■ WHAT YOU NEED TO DO ■
The response should repeat word for word every line below from the one with "- Fabric for" to the one with "エレガント!カラードレス Vネック 美しい", inclusive, and nothing else; leave pictures out.

■ PROVIDED RECORDS ■
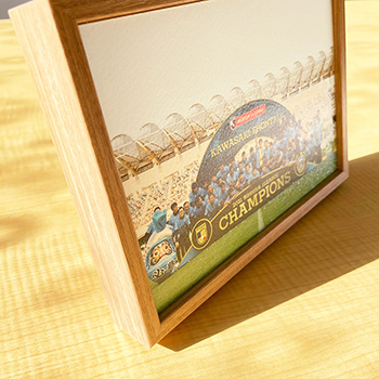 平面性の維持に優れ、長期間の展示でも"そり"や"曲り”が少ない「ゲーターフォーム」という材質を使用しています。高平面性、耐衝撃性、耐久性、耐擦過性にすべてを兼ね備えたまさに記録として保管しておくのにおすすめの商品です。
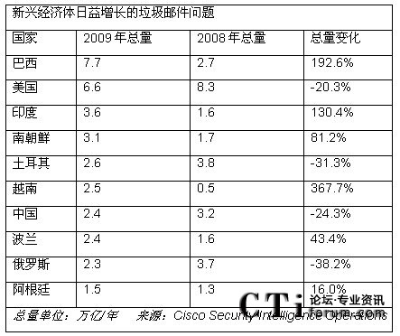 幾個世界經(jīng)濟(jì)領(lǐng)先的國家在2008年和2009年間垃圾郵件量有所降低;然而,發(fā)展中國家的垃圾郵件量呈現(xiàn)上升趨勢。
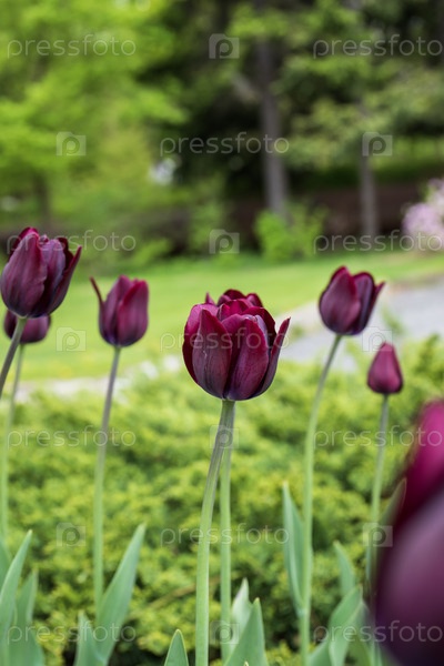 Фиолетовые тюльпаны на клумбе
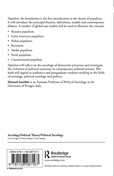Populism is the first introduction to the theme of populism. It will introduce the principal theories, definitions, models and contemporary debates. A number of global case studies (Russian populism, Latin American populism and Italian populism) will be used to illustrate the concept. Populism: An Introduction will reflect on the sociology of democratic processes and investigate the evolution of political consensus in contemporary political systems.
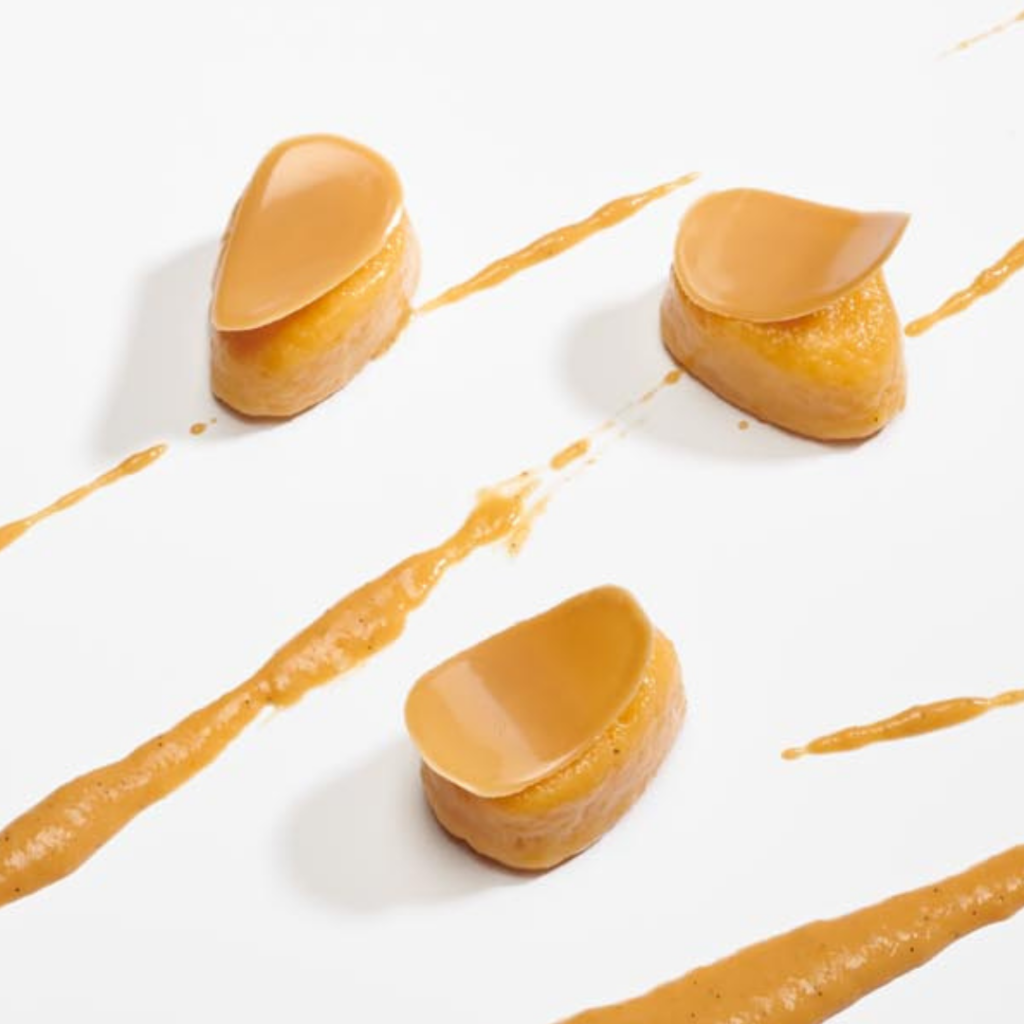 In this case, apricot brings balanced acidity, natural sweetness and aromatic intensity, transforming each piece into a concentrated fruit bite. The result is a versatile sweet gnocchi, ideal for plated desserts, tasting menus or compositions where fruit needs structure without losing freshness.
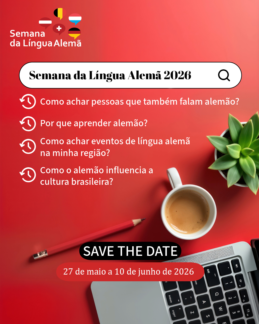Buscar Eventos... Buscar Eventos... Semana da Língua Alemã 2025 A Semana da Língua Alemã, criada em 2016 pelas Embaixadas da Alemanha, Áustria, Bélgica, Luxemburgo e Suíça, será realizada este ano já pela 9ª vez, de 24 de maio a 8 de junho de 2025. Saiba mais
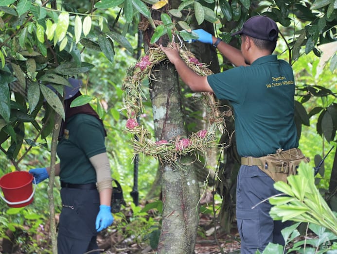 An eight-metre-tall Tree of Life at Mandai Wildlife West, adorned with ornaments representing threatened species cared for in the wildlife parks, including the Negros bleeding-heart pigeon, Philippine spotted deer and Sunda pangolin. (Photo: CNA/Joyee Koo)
---
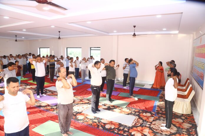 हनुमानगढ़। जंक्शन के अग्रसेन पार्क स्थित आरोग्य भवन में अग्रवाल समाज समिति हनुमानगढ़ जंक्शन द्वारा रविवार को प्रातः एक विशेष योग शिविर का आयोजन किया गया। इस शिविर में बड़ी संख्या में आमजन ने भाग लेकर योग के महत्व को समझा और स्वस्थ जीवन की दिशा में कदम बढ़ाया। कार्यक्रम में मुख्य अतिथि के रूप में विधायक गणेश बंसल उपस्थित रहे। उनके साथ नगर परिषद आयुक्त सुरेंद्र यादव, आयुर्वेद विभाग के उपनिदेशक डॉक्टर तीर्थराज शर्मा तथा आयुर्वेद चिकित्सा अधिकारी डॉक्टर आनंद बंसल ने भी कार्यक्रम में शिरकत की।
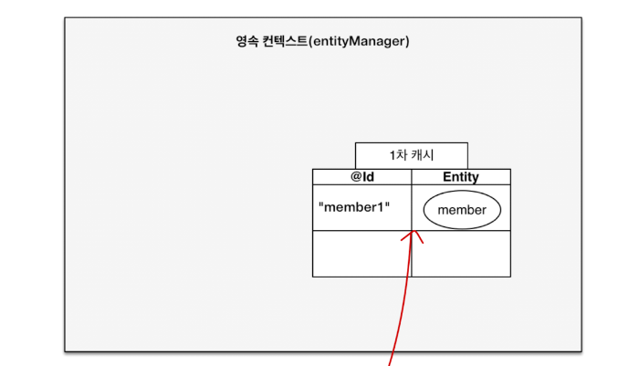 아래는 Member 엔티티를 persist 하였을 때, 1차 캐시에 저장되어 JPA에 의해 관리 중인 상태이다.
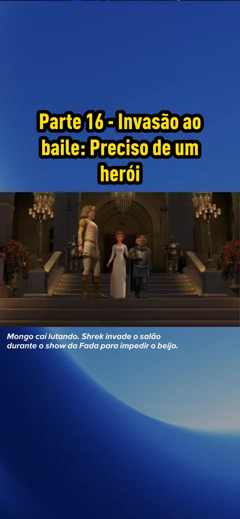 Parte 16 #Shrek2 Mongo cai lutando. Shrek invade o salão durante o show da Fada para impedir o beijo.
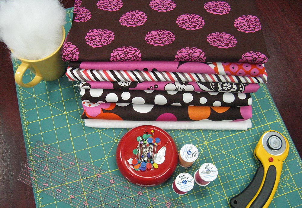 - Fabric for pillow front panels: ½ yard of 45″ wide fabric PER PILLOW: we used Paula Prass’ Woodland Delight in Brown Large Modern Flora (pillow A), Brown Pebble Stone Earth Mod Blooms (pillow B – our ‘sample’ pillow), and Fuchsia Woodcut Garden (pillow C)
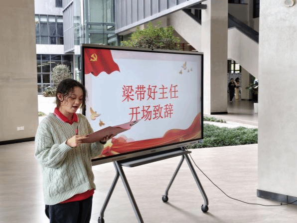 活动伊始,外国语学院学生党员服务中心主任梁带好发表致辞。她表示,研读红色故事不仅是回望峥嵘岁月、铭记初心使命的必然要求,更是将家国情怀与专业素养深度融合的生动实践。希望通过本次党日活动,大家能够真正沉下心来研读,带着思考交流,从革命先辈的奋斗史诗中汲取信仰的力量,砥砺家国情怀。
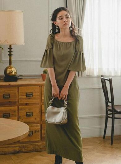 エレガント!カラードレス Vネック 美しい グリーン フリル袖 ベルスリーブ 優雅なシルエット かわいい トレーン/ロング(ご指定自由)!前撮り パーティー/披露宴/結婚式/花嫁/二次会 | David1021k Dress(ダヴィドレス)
==
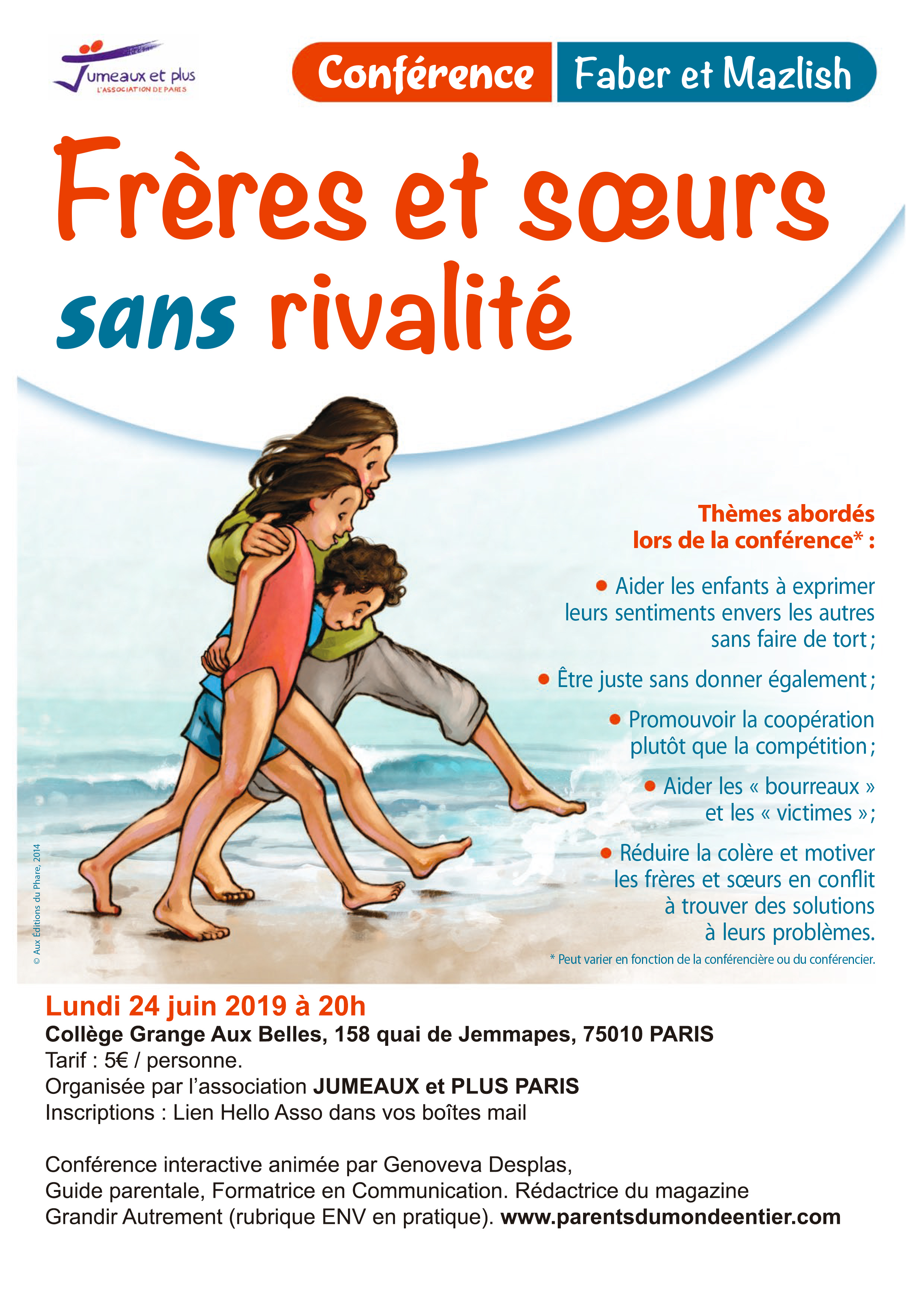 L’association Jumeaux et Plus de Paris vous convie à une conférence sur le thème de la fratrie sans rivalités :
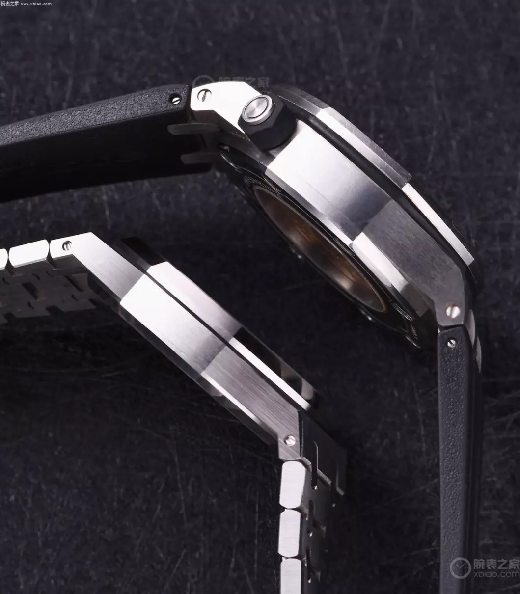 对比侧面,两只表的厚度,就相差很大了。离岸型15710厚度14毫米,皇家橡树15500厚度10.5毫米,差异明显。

■ EXERCISE RESPONSE ■
 - Fabric for pillow front panels: ½ yard of 45″ wide fabric PER PILLOW: we used Paula Prass’ Woodland Delight in Brown Large Modern Flora (pillow A), Brown Pebble Stone Earth Mod Blooms (pillow B – our ‘sample’ pillow), and Fuchsia Woodcut Garden (pillow C)
 活动伊始,外国语学院学生党员服务中心主任梁带好发表致辞。她表示,研读红色故事不仅是回望峥嵘岁月、铭记初心使命的必然要求,更是将家国情怀与专业素养深度融合的生动实践。希望通过本次党日活动,大家能够真正沉下心来研读,带着思考交流,从革命先辈的奋斗史诗中汲取信仰的力量,砥砺家国情怀。
 エレガント!カラードレス Vネック 美しい グリーン フリル袖 ベルスリーブ 優雅なシルエット かわいい トレーン/ロング(ご指定自由)!前撮り パーティー/披露宴/結婚式/花嫁/二次会 | David1021k Dress(ダヴィドレス)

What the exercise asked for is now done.